It is of course a lot more complex than the original ReadLine and presumably there are bugs I have missed.

Finally the cost of calling Strings.Length can be avoided by implementing it manually, inline. It's very straightforward, not least because the ReadLine function is guaranteed to provide a zero terminator, for example here's a program to count lines and characters:

MODULE readlines;
IMPORT Files, Out;
VAR f: Files.File; r: Files.Rider; l: ARRAY 10000 OF CHAR; i, lines, characters: LONGINT;
BEGIN lines := 0; characters := 0;
  f := Files.Old("testfile");
  IF f # NIL THEN
    Files.Set(r, f, 0);
    WHILE ~r.eof DO
      INC(lines);
      Files.ReadLine(r, l);
      i := 0;  WHILE l[i] # 0X DO INC(i) END;
      INC(characters, i)
    END
  END;
  Out.Int(lines,1); Out.Char(' '); Out.Int(characters,1); Out.Ln;
END readlines.

Using the updated Files.Readline and the inline length counting my test of scanning a 1GB file reduced from 16.9 seconds to 6.4 seconds.

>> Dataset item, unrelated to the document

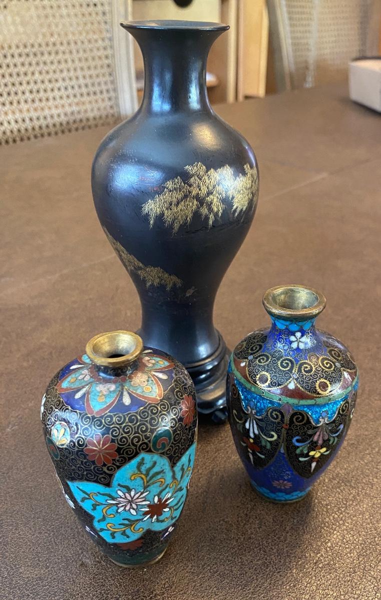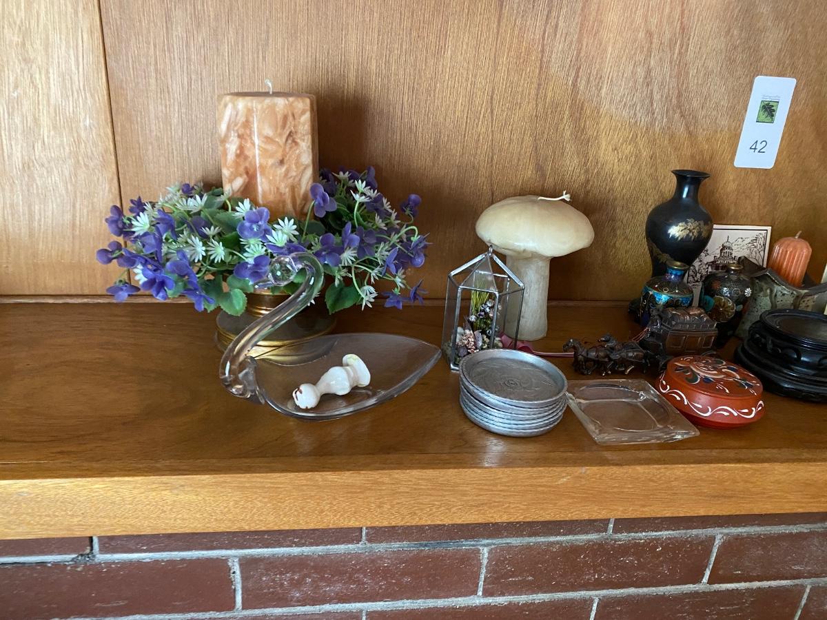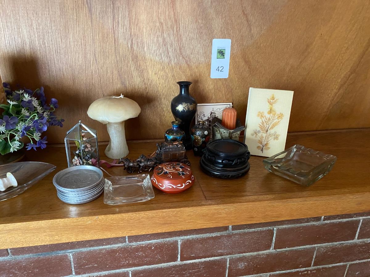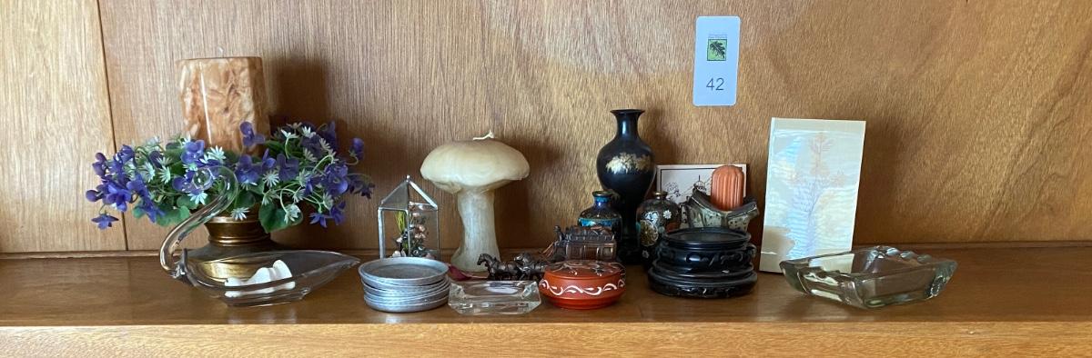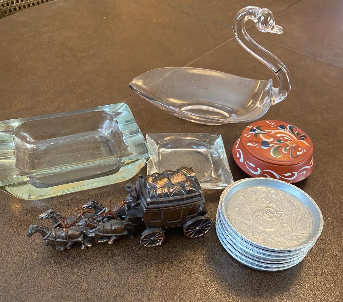 Includes candles, glass ashtrays, small model stagecoach and two Cloisennai vases (Vases are 4”x2”) among other small items.
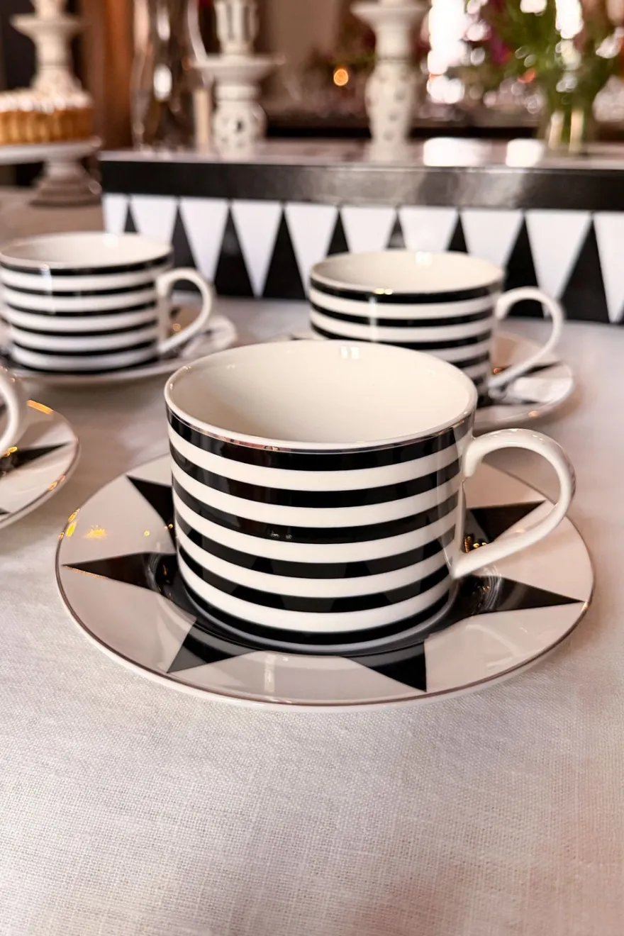 Set de cuatro tazas y platos con diseño «circus» de New Bone China, reconocida por ser muy fina, ligera y resistente, de nuestra vajilla blanca y negra.

I suspect that using Files.ReadBytes to read the file a large buffer at a time, then scanning the buffer, you should be able to do a little better still.

@norayr
Copy link
Member

norayr commented Nov 9, 2019

@jkleiser it's interesting, try to IMPORT by aliasing Strings := oocStrings, or ooc2Strings, or ulmStrings, and see, if that would do the difference. I didn't compare the Length() implementation, but I will look in to the code to check.

@dcwbrown
Copy link
Contributor

@norayr I'm afraid they all take their string parameter by value incurring the extra copy cost and are no better than plain Strings.Length.

The issue is not just the cost of copying string (i.e. two memory access per character), but also the memory allocation cost, and subsequent garbage collection cost.

One fix would be to have Strings.Length take its parameter by VAR (which avoids the copy), but then it would be illegal to pass a constant string to Strings.Length.

In Oberon 2007, Wirth removed the copy cost by adding the rule that value ARRAY and RECORD parameters are read-only. This allows ARRAYs and RECORDs to be passed by address safely, without copy. Oberon2 doesn't do this though, and changing Oberon2 to use the Oberon 2007 rule would be a significant backward compatibility break.

BUT

Joseph Templ included an undocumented system flag feature in ooc (from which voc is derived). We already know that it can be used with pointers to create non-garbage collected arrays as these are used by the garbage collection code itself.

I had a vague recollection of seeing it used in parameter passing too, and looked further: Setting a non-zero system flag on value ARRAY parameters is an undocumented feature for disabling value ARRAY parameter copying. It turns off the generation for that parameter of the call to __DUP (which does the copy) and the call to __DEL (which later frees the copy). It requires SYSTEM imported to parse without error.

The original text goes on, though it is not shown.